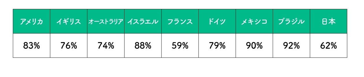 調査人数 :US・537名、UK・369名、オーストラリア・384名、イスラエル・386名、フランス・379名、ドイツ・375名、メキシコ・383名、ブラジル・385名、日本・364名、合計3562名
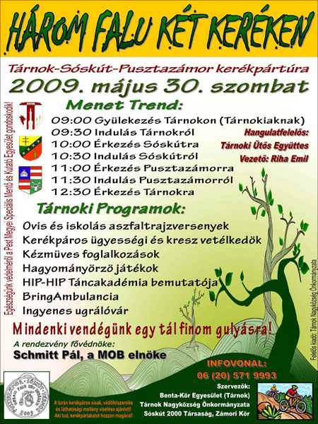 Tárnok lesz a házigazdája a „Három Falu Két Keréken” elnevezésű, immáron 6 éves hagyománnyal bíró, három település összefogásával létrejött sportrendezvénynek május 30-án. Az egész napos kerékpártúra és rendezvény mind Tárnok, mind Sóskút és Pusztazámor számára kiemelt jelentőségő. A résztvevők élő láncként kötik össze a három települést kerékpáron. A program célja a települések közötti civil összefogás megmutatása és a sport, az egészséges életmód népszerűsítése. A rendezvény fővédnöke Schmitt Pál, a Magyar Olimpiai Bizottság elnöke.
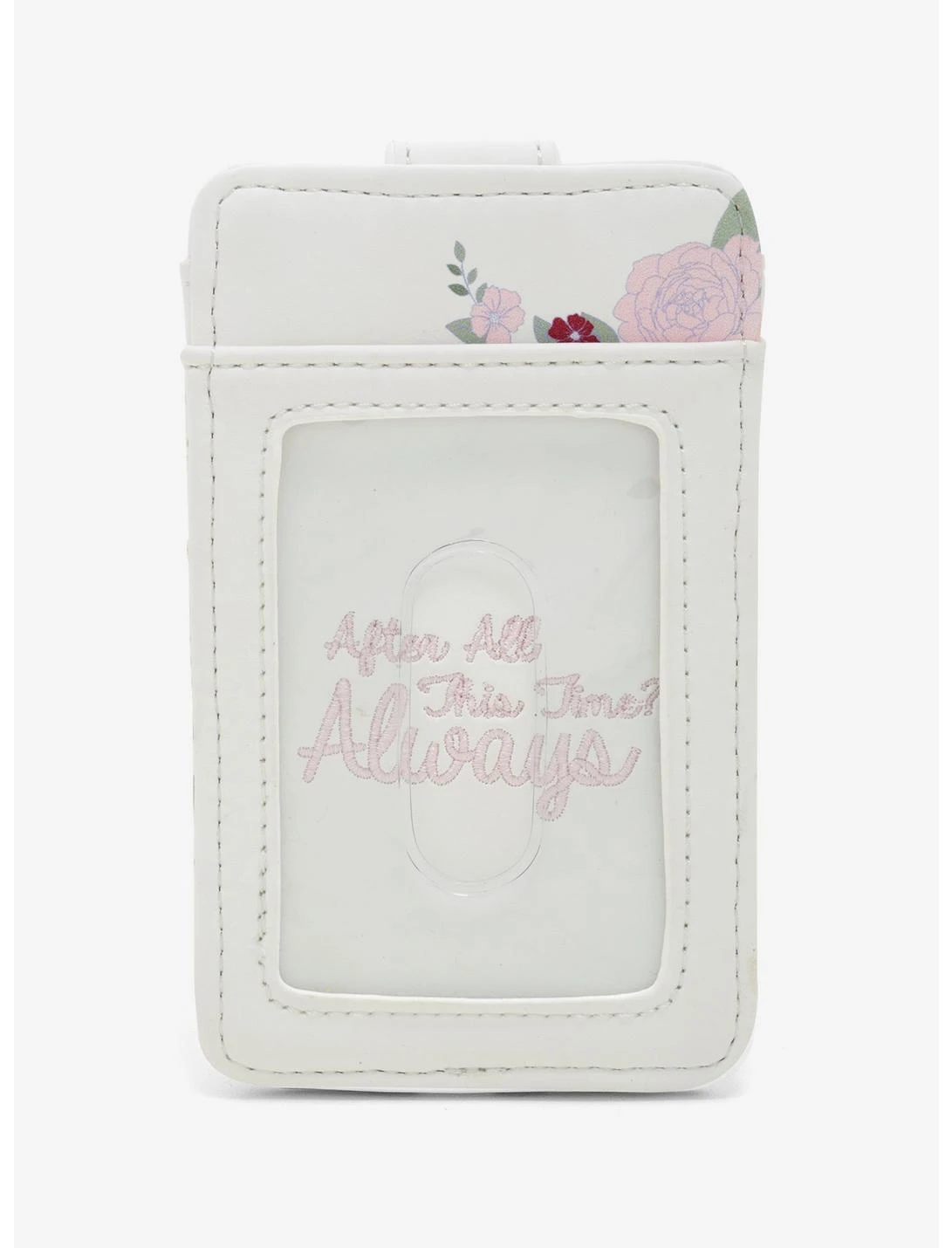 Shop in style with thisHarry Pottercardholder, always. There is “After all this time? Always” embroidered text design behind the clear ID display. On the other side is 4 card slots with snap closure of a gold Hogwarts crest and “Always” embroidered text design. The pink & maroon floral design features
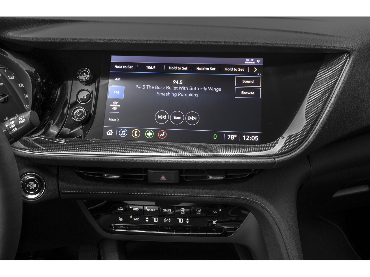 - Audio system, 10.2" diagonal Buick Infotainment System with Navigation includes multi-touch display, AM/FM/SiriusXM stereo, Bluetooth® streaming audio for music and most phones, Wireless Apple Carplay/Wireless Android Auto for compatible phones, advanced voice recognition, in-vehicle apps, personalized profiles for infotainment and vehicle settings. Includes greater memory
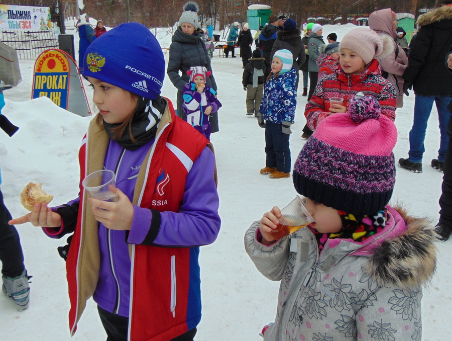 Совпадение с Масленицей получилось замечательное: после финиша спортсмены подходили к волонтерам ЦМД «Левобережье», которые угощали горячим чаем, булочками и блинчиками.

___

» **PROBLEM DESCRIPTION**
Return every entry word for word, but drop any pictures.

» **RESULT OF THE EXERCISE**
 調査人数 :US・537名、UK・369名、オーストラリア・384名、イスラエル・386名、フランス・379名、ドイツ・375名、メキシコ・383名、ブラジル・385名、日本・364名、合計3562名
 Tárnok lesz a házigazdája a „Három Falu Két Keréken” elnevezésű, immáron 6 éves hagyománnyal bíró, három település összefogásával létrejött sportrendezvénynek május 30-án. Az egész napos kerékpártúra és rendezvény mind Tárnok, mind Sóskút és Pusztazámor számára kiemelt jelentőségő. A résztvevők élő láncként kötik össze a három települést kerékpáron. A program célja a települések közötti civil összefogás megmutatása és a sport, az egészséges életmód népszerűsítése. A rendezvény fővédnöke Schmitt Pál, a Magyar Olimpiai Bizottság elnöke.
 Shop in style with thisHarry Pottercardholder, always. There is “After all this time? Always” embroidered text design behind the clear ID display. On the other side is 4 card slots with snap closure of a gold Hogwarts crest and “Always” embroidered text design. The pink & maroon floral design features
 - Audio system, 10.2" diagonal Buick Infotainment System with Navigation includes multi-touch display, AM/FM/SiriusXM stereo, Bluetooth® streaming audio for music and most phones, Wireless Apple Carplay/Wireless Android Auto for compatible phones, advanced voice recognition, in-vehicle apps, personalized profiles for infotainment and vehicle settings. Includes greater memory
 Совпадение с Масленицей получилось замечательное: после финиша спортсмены подходили к волонтерам ЦМД «Левобережье», которые угощали горячим чаем, булочками и блинчиками.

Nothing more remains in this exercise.